_WHAT TO DO_. Please print, exactly, only the lines in the entries below from the line that has "The flat comprises" through the line that has "成都凌晨的天府大道上,烈焰中". Pictures don't go in.

_DATA RECORDS_.
----
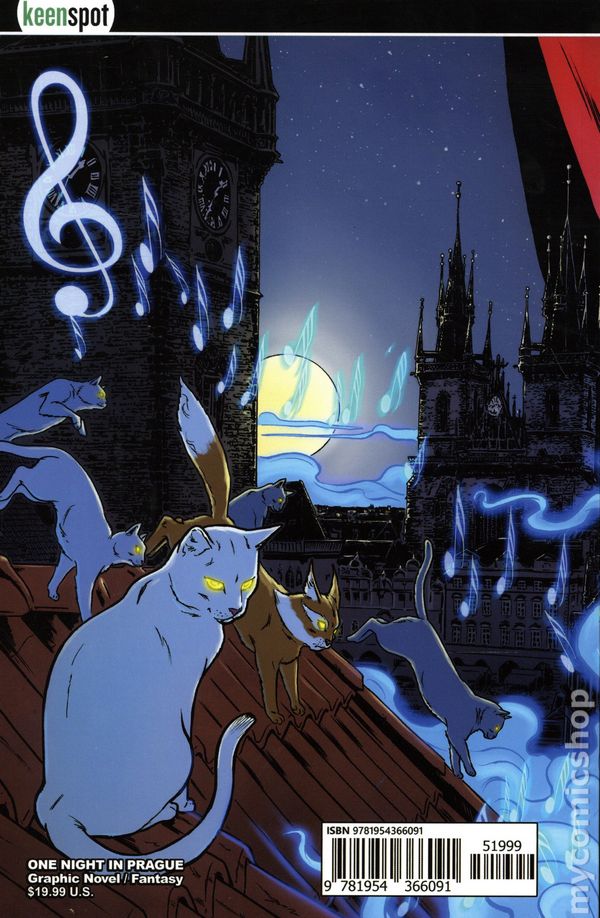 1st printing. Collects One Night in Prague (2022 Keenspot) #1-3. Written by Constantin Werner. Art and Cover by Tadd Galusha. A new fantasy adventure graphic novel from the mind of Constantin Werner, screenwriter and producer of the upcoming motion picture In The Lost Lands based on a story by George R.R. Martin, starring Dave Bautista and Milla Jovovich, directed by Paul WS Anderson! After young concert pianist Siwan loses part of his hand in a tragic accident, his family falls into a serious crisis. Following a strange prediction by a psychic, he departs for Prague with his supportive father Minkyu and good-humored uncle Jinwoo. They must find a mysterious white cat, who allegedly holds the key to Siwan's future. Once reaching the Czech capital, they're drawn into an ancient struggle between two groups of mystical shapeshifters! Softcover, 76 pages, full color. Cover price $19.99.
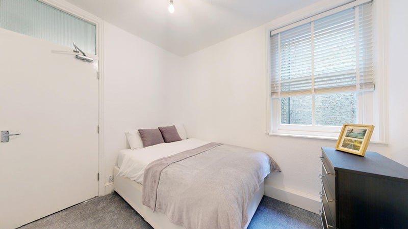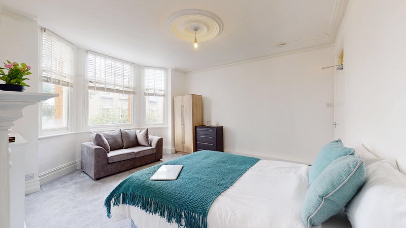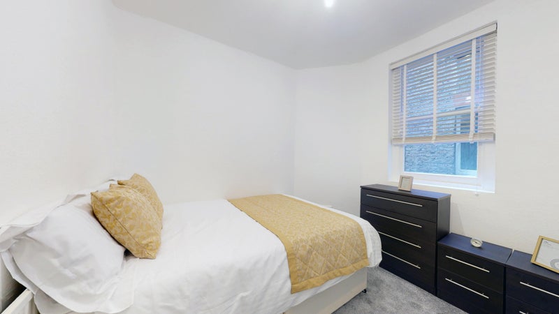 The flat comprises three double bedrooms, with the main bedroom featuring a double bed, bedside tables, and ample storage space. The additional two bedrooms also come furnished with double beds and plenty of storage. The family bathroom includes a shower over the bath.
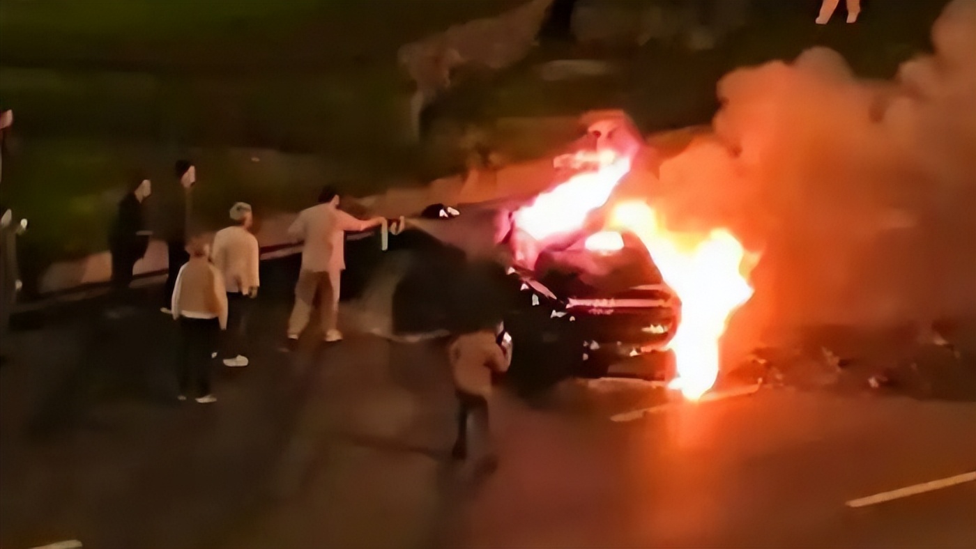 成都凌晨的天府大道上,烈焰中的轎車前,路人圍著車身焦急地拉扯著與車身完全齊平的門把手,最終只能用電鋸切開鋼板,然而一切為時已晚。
----
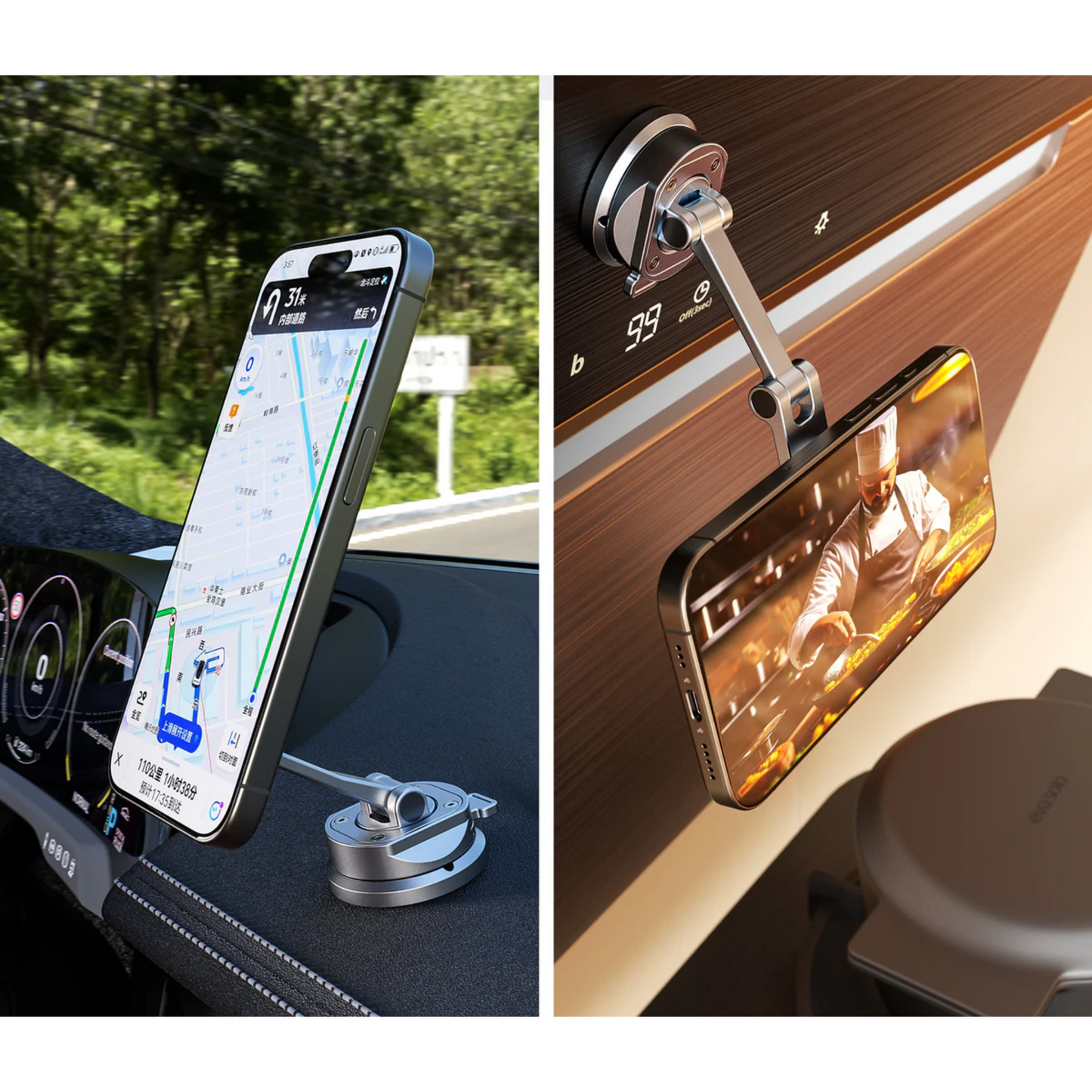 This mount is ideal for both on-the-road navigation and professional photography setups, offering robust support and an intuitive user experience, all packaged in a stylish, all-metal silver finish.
----
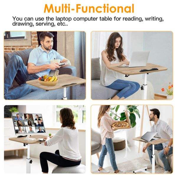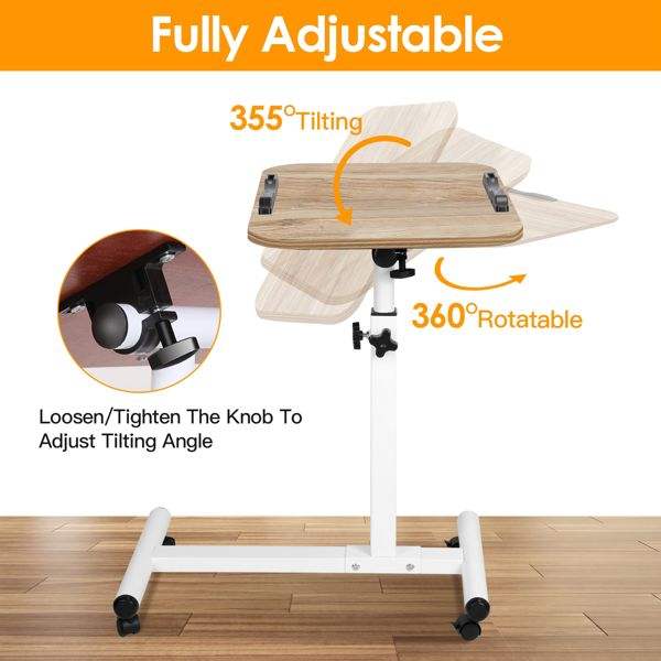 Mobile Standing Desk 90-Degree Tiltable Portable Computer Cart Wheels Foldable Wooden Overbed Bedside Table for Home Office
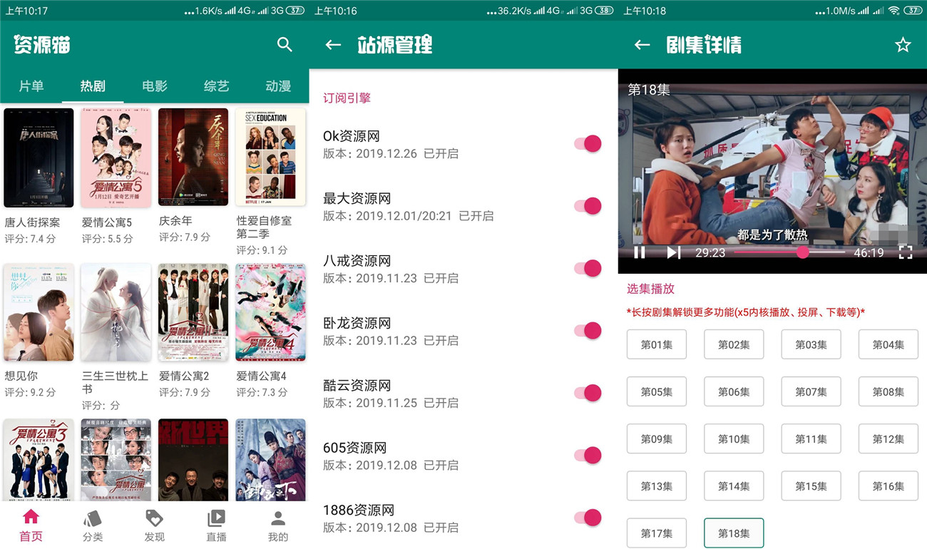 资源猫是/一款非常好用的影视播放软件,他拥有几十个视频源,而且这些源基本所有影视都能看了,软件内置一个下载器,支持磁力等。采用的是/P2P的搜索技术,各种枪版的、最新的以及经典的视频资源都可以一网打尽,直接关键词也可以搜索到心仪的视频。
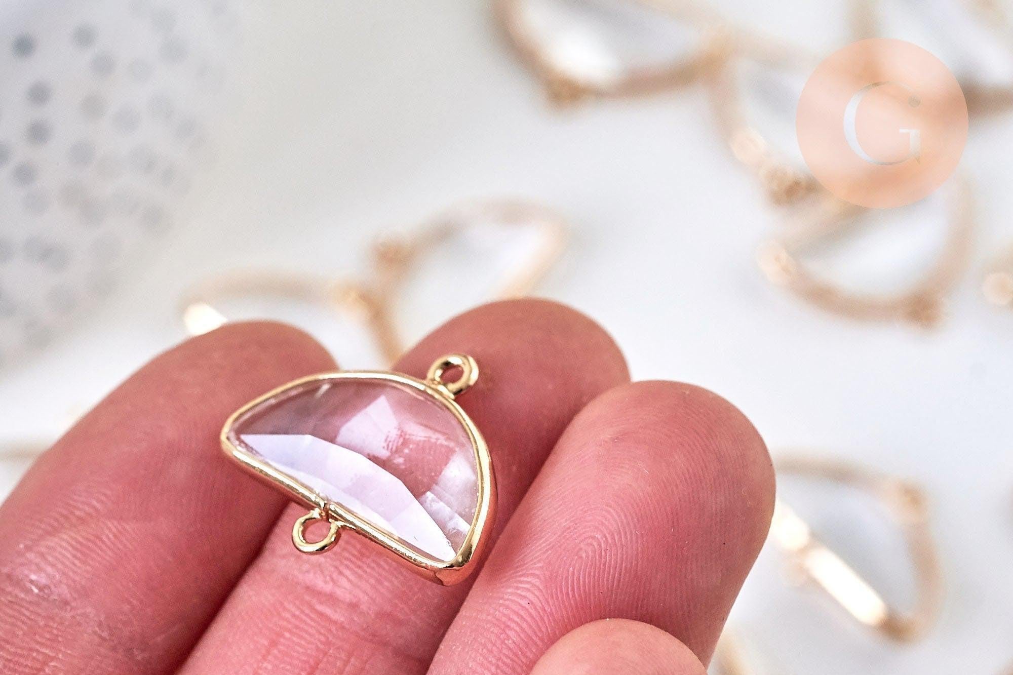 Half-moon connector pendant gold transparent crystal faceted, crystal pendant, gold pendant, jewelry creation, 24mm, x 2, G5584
----
_SOLVED EXERCISE_.
 The flat comprises three double bedrooms, with the main bedroom featuring a double bed, bedside tables, and ample storage space. The additional two bedrooms also come furnished with double beds and plenty of storage. The family bathroom includes a shower over the bath.
 成都凌晨的天府大道上,烈焰中的轎車前,路人圍著車身焦急地拉扯著與車身完全齊平的門把手,最終只能用電鋸切開鋼板,然而一切為時已晚。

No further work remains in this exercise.